Title: Noor
Author: Nnedi Okorafor
Book Type: Novel
Series: N/A
Series Number: N/A
Genre: Speculative Fiction, Science-Fiction, Fantasy, Dystopia
Age: Adult
Disability: Body Augmentation, Prosthetics
LGBTQ+: N/A
Published: 2021
Setting: Future Nigeria
[ID: A book cover. The author’s name “Nnedi Okorafor” is written at the top in large brown caps. Above it, in smaller caps, text reading “Hugo, Nebula. and World Fantasy Award-Winning Author”. The title “Noor” is written in larger white caps at the bottom of the cover. Inside each letter, an orange line following the shape. In the middle of both “O”s, to stacked orange and white dots. The title is sandwiched by four light orange bars, two above it and two below it. The cover is bright yellow at the top and getting slightly darker going down. In the centre, art of a young black woman. She has her hair tied back in a thick bun. In the centre of her forehead, a red light surrounded by a thin metal border. Behind her it looks like there is a light shining. /end]
Content Warning:
- Ableism
- Violence
- Blood
- Animal Death
- Medical Content
- Body Horror
- Sexual Content
- Adult
Summary:
From Africanfuturist luminary Okorafor comes a new science fiction novel of intense action and thoughtful rumination on biotechnology, destiny, and humanity in a near-future Nigeria.
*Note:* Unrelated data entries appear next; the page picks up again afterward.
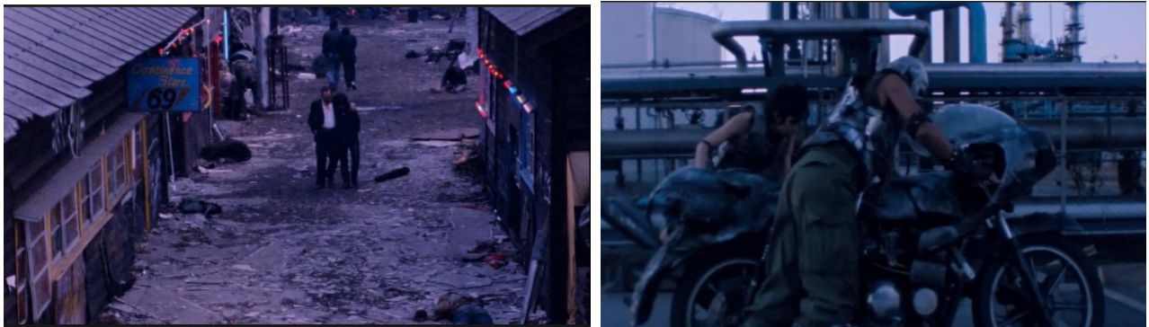
Figura 4.

Es necesario aclarar que las ideas cyberpunk fueron incrustadas en el occidente por medio de la literatura, mientras que en Japón nació por medio de la música. Durante finales de los setenta y principios de los ochenta Tokyo estaba disfrutando de una vibrante aura underground 9 de música punk, un ethos que luego se diversifica en el arte y en el cine, gracias a Sogo Ishii, quien dirigió después de varios éxitos Burst city (1982), en donde encapsula y resume lo que fue el movimiento Punk y muestra una estética clave del cyberpunk de Japón: entornos industriales, almacenes abandonados y decadentes salas de calderas con un escenario distópico. (fig.4)
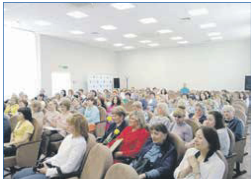
День социального работника
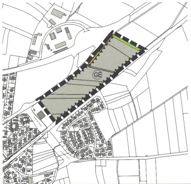
Abbildung 1: Geltungsbereich 4. Änderung des FNP Gewerbegebiet Marzling Ost (Vorentwurf)

Der räumliche Geltungsbereich umfasst die Grundstücke Flurnummern 533/2 Teilfläche, 608/1, 610/1, 611, 612, 613, 613/2, 613/3, 630/3, 630/4 Teilfläche, 630, 630/2, 632/1 und 631 Teilfläche der Gemarkung Marzling. Die Grundstücke befinden sich im Osten von Marzling zwischen der Bahnlinie München-Regensburg und der Freisinger Straße; östlich des Feuerwehrhauses.
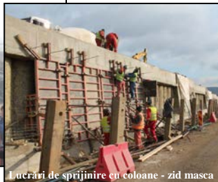
Lucrări de sprijinire cu coloane - zid masca
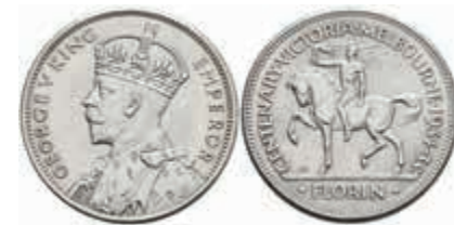
811 Florin, 1935, George V., Victoria-Melbourne, KM 33, Avers leicht berieben, vz-st. 150,—
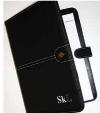
SKLs dokumentmappe, kr 150,-
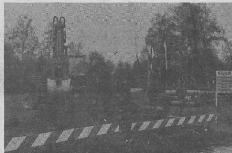
Prišli so delavci s stroji in zasadili prvo lopato (v resnici zajemalko bagra) v zemljo za Moderno galerijo. Torej se je začelo...
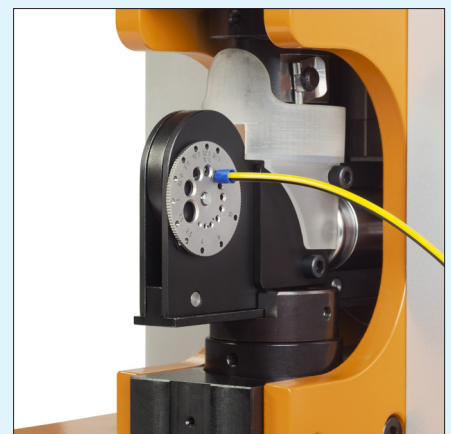
hohe Arbeitssicherheit bei guter Zugänglichkeit convenient and safe access for operation
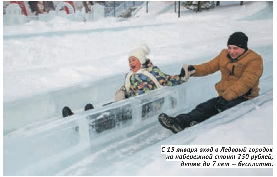
С 13 января вход в Ледовый городок на набережной стоит 250 рублей, детям до 7 лет – бесплатно.

области была организована традиционная ежегодная Губернаторская новогодняя ёлка — 27 декабря на сцене ГКЗ им. А. М. Каца показали сказочное представление. Участниками ёлки стали около 1 700 детей в возрасте от 6 до лет. Среди них — одарённые дети, победители конкурсов, олимпиад, дети из многодетных и малообеспеченных семей, а также дети-сироты и дети с ограниченными возможностями здоровья. Кстати, спектакль, поставленный для Губернаторской ёлки, 6 и 7 января сыграли в Домах культуры Чулымского и Мошковского районов. По традиции,
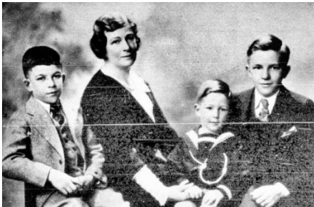
Photo de sa famille en 1932.
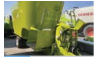
STORTI DUNKER T2.180

Πρέσα σταθερού θαλάμου wolagri columbia R10 πλήρως ελεγχμένη και έτοιμη για δουλειά. Γ. ΧΙΓΚΑΣ Α.Ε.Ε. Τηλ. 2310 780 866-9
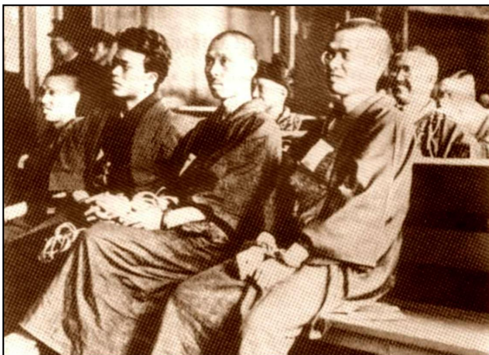
Miembros de Girochin-Sha durante un juicio en 1925

general al mando de las tropas que habían asesinado a Ôsugi. En el primer atentado, uno de los antiguos camaradas de Ôsugi, Wada Kyûtarô, disparó contra el general Fukuda pero sólo consiguió herirlo, mientras que en el segundo bombardearon la casa de Fukuda, aunque éste no se encontraba en ese momento en su domicilio. Wada fue juzgado y condenado a cadena perpetua, pero se suicidó estando en prisión en 1928.
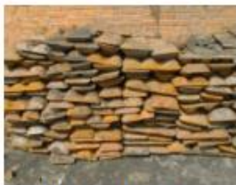
Lingotes de hierro dúctil

Se fabrica una amplia variedad de tipos de vaciado. Abajo se muestra una fábrica que produce vaciados en molde de arena maquinados hechos de hierro dúctil.
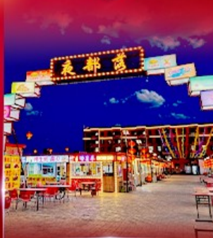
ตลาดกลางคืน ตาลาเดอดี
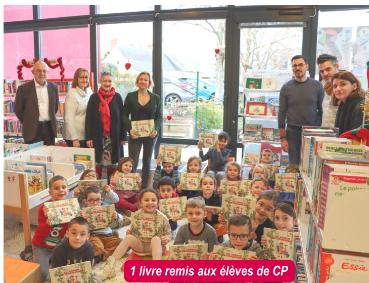
1 livre remis aux élèves de CP
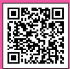
いまのリシリーズ紹介動画はこちら!
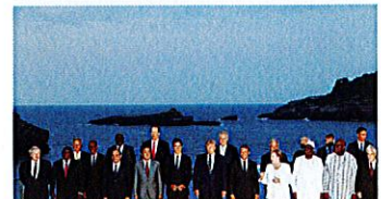
「家族の絆」実感したG7首脳 同じ心ればこそその決裂回避
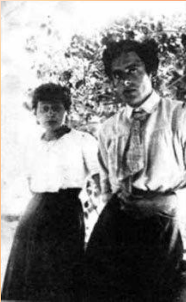
Марина Цветаева и Сергей Эфрон. Коктебель. 1911год

Кто создан из камня, кто создан из глины, -
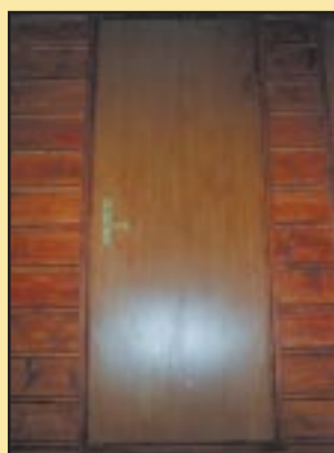
Nowe drzwi w Gimnazjum Szczyrzycu
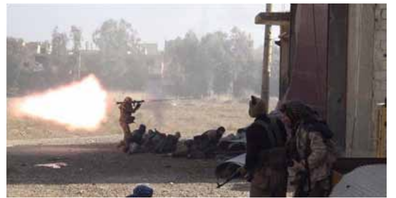
من معارك حي الصناعة في دير الزور | إعلام التنظيم

تمكن تنظيم الدولة الإسلامية خلال الأيام الماضية من السيطرة على أحياء جديدة داخل مدينة دير الزور، إثر اشتباكات مستمرة مع قوات النظام أسفرت عن سقوط قتلى وجرحى من الطرفين، في ظل قصف مكثف من قبل طيران النظام والطيران الروسي تسبب بسقوط قتلى وجرحى بين صفوف المدنيين.
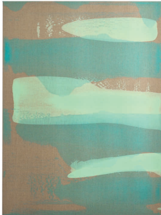
20190126 – 2019 Acryl auf Leinwand / acrylic on canvas – Format 120 x 90 cm

Vernissage: Freitag, 13. Mai 2022 – 18 bis 20 Uhr Matinee: Samstag, 14. Mai 2022 – 12 bis 16 Uhr
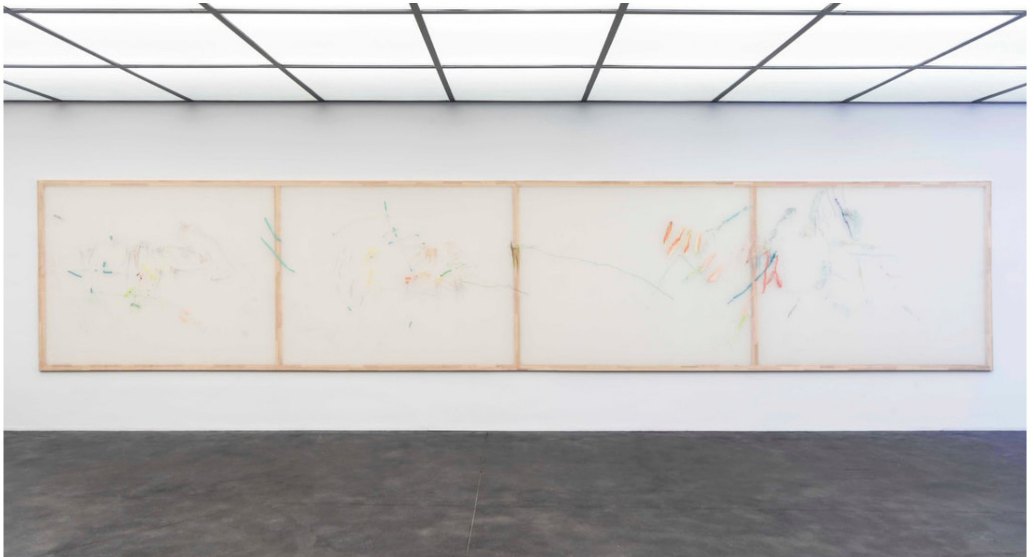
Jana Cordenier, Untitled, 2018, 180 x 900 cm, Installation view, Muurschilderingen, 2020, Raveelmuseum, Marthe Hoet
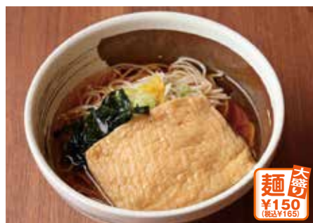
きつねそば(温・冷やがけ)
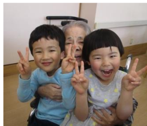
地域との繋がりを大切にしています

様々な行事を近隣のウブントウ幼稚園と合同で実施しています。子供たちの元気な姿に、自然と笑みがこぼれます。
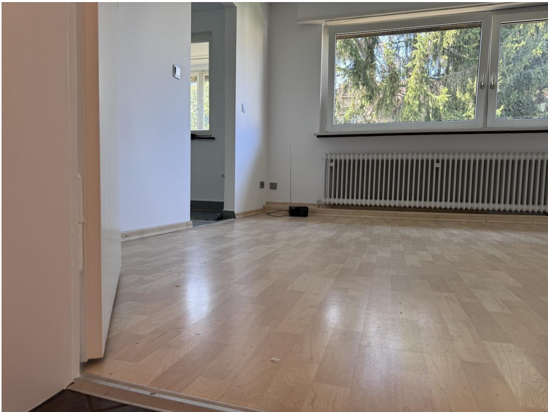
Zimmer 3 Esszimmer
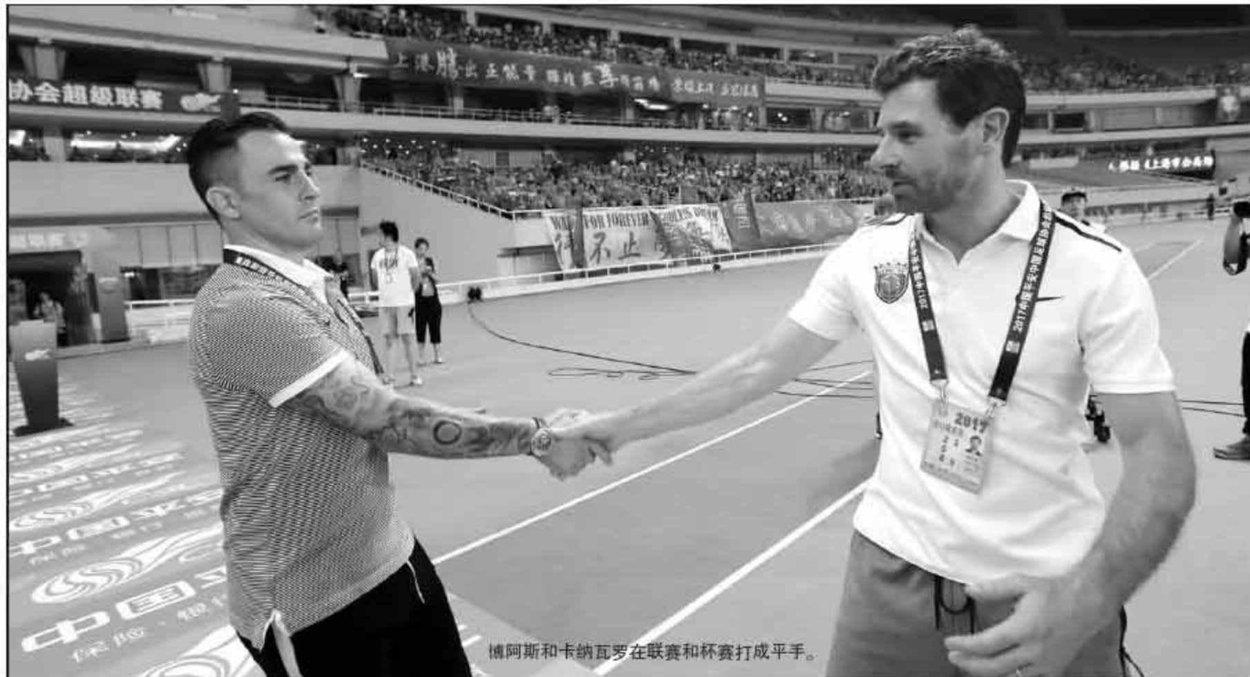
博阿斯和卡纳瓦罗在联赛和杯赛打成平手。

记者陈伟报道 足协杯四分之一决赛次回合，上港在主场完成了大逆转，但是联赛中，上港却在权健身上“马失前蹄”，主场被扳平，上港和恒大的差距拉大了3分，三线作战挑战恒大，上港在联赛中已经落后。
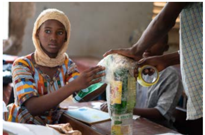
Des enfants des clubs verts de SANUVA Initiatives en pleine séance de réalisation de différents types d'objets à partir des déchets recyclés.
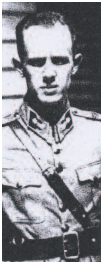
UIT ONS LEGER 61 (1977) 3, BLZ. 61
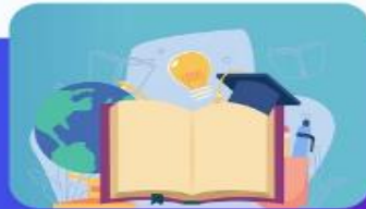
معاونت فرهنگی، اجتماعی و دانشجویی
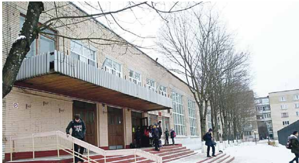
Школа № 9, в которой разгорелся скандал между мамой ученика и педагогами

Как мы поняли, если охранник не удалится на обход территории, он обязательно разрешит родителям пройти в здание при наличии у них документа, удостоверяющего личность. А если сторожа вдруг не окажется на месте, то проблемы нет вообще. Во всяком случае, пока нет.
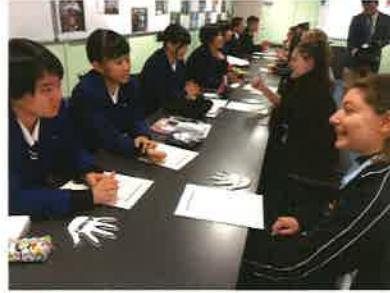
オーストラリア海外研修②
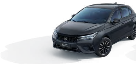
Cinza Basalto Metálico
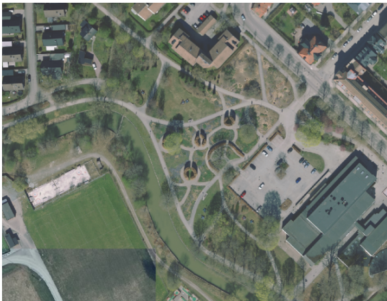
Drömparken i dag. I den gamla järnvägens sträckning går i dag en gång- och cykelväg fram.
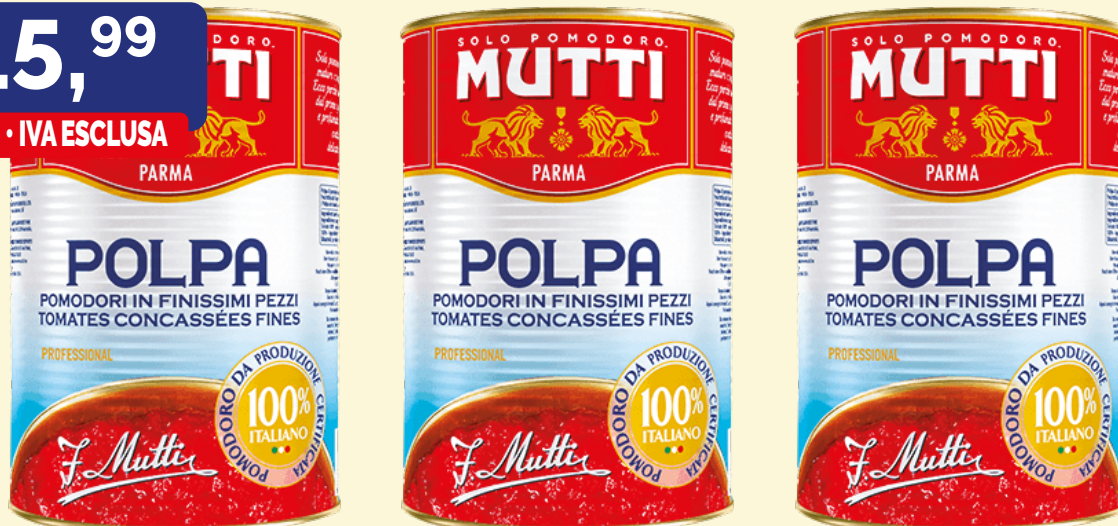
POLPA DI POMODORO MUTTI confezione gr. 4,050X3
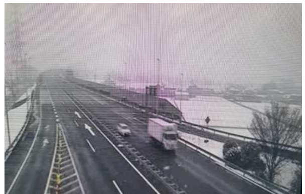
降雪状況 (圏央道 川島IC付近)
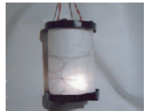
コミュニティーアート・小田原ちようちん
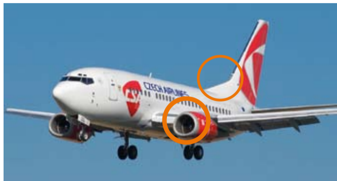
Boeing - trojúhelníkový tvar motorů a zalomená hrana kormidla

Nejčastějším typem letadla, s nímž se lze na Letišti Praha setkat, je Boeing B737. Jen v loňském roce jej letecké společnosti nasadily na více než třetinu letů z pražské Ruzyně a na ni. Velký konkurent Boeingu 737 - Airbus A320 - se na obloze nad Ruzyní objevil na necelé čtvrtině všech letů.
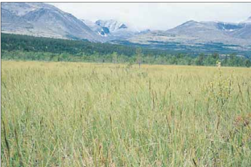
L4c Høystarrmyr, nordlandstarr-utforming: flatmyr med nordlandstarr Carex aquatilis . Hedmark, Stor-Elvdal, Atnsjømyrene, 1995. NB, C1.

Sosiologisk tilknytning - L4a: Caricion lasiocarpae. L4b-c: Magnocaricion p.p. Se også O3-4.
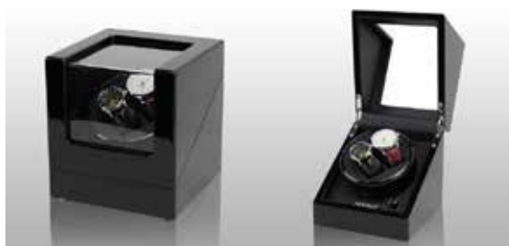
Svart/Svart #111011 Pris 2 795 kr
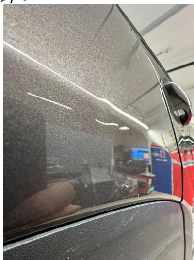
1.4 Liten bulk hjulbue høyre baksjerm.
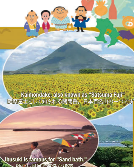
Kaimondake, also known as "Satsuma Fuji" 薩摩富士として知られる開聞岳。日本百名山の一つです。
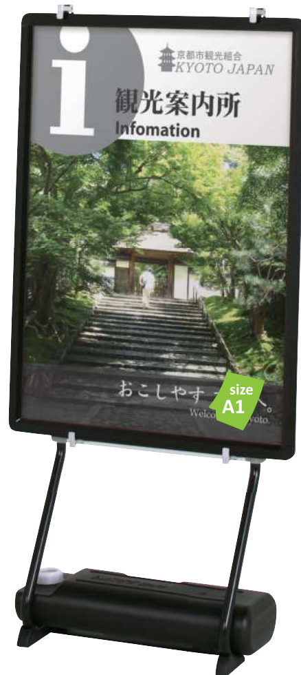
プリンパオープンパネルR30(A1)との組合せ例
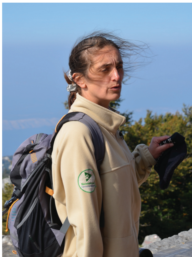
Photos (from top to bottom): Rangers based in Maharashtra, India, set out on patrol. Ranger in Northern Velebit National Park, Croatia
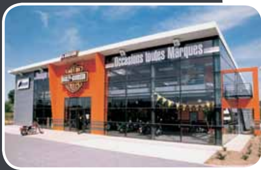
Mur rideau - Magasin Nantes (44)
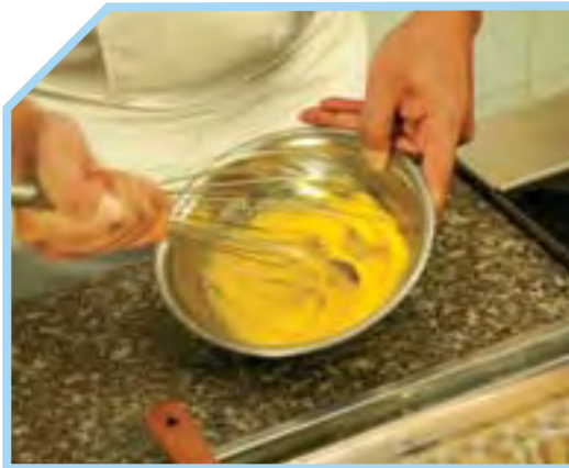
TRỘN LÒNG ĐỎ TRỨNG VỚI ĐƯỜNG VÀ BỘT MỠ
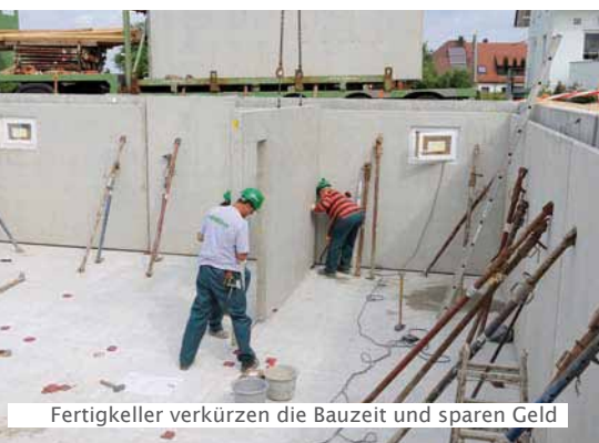
Fertigkeller verkürzen die Bauzeit und sparen Geld
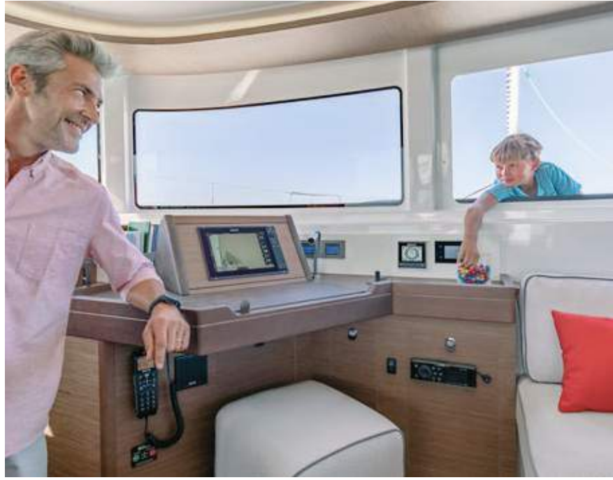
VITRAGE COULISSANT OUVERT. SLIDING SASH WINDOW OPENED.
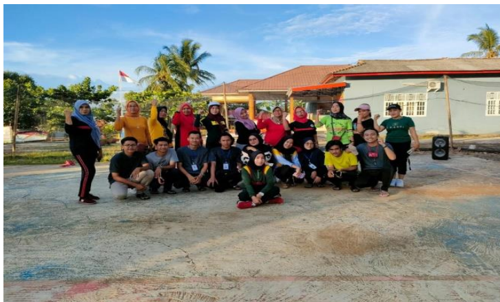
Gambar 2.4 Senam Bersama Masyarakat Desa Pasuruan

Senam bersama yang dilakukan pada tanggal 11-12 Februari 2022 bersama ibu-ibu desa Pasuruan yang bertujuan untuk menjaga kesehatan jasmani

Anwuli Okwudili prefers to be called AO. To her, these initials have always stood for Artificial Organism. AO has never really felt…natural, and that’s putting it lightly. Her parents spent most of the days before she was born praying for her peaceful passing because even in-utero she was wrong. But she lived. Then came the car accident years later that disabled her even further. Yet instead of viewing her strange body the way the world views it, as freakish, unnatural, even the work of the devil, AO embraces all that she is: A woman with a ton of major and necessary body augmentations. And then one day she goes to her local market and everything goes wrong.
Once on the run, she meets a Fulani herdsman named DNA and the race against time across the deserts of Northern Nigeria begins. In a world where all things are streamed, everyone is watching the reckoning of the murderess and the terrorist and the saga of the wicked woman and mad man unfold. This fast-paced, relentless journey of tribe, destiny, body, and the wonderland of technology revels in the fact that the future sometimes isn’t so predictable. Expect the unaccepted.
Notes:
There is an audiobook.
There is an ebook. There is a kindle edition.
This book was nominated for the 2023 Audie Award for Science Fiction.
Archivist Comments:
Listen I know there can be a bit of discourse around cyborgs being disability represnetation etc. etc. but most reviews seem to be in agreement that the MCs usage of body augmentation and cybernetic parts doesn’t take away from the fact that she is disabled. Rather, it raises a lot of questions around disability, prosthetics and the overcommercialisation/capitalisation of the disability aid market by corporations and the government.